Outwest: Just love the shot of Bonnie and you at the sink. She is just the right height. I must admit I love seeing her pics, as she is a scaled up version of Sunny! I am sure he would enjoy the added height to see what I am doing up there!


----------



## Rowan (May 27, 2011)

Millie looks great, but then again, she always does. I love her eye color and the contrast with her coat color--love that her ears are darker too. You know how some dogs are "cute" and others are "sporty," etc. and so on? Well, whenever I see Millie, I always think "elegant." 

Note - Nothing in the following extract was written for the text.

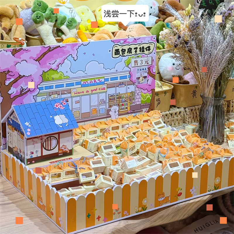 漫画のパンの家のペンダント3d立体樹脂のミニチュアは食事をしてミニシーンの装飾の置物のかばんのペンダントを遊びます。

(And of course Henry is "handsome" and Tiger is "stunning.")


----------



## CharismaticMillie (Jun 16, 2010)

Elegant...I like that for Miss Millie!!  I've been told she looks like Julia Roberts. LOL. And when she was in a continental, she apparently looked like Tina Turner...


----------



## CharismaticMillie (Jun 16, 2010)

outwest said:


> Millies color change is one of the most dramatic I have seen. She is really beautiful.


It is dramatic, but, tbh, I think it's pretty common of a transformation for the browns!


----------



## Rowan (May 27, 2011)

She always looks so _polished_. Like a cheese and wine poodle versus a beer and pretzels gal.  

She's more Kate Beckinsale than Turner or Roberts, IMHO. Classy!


----------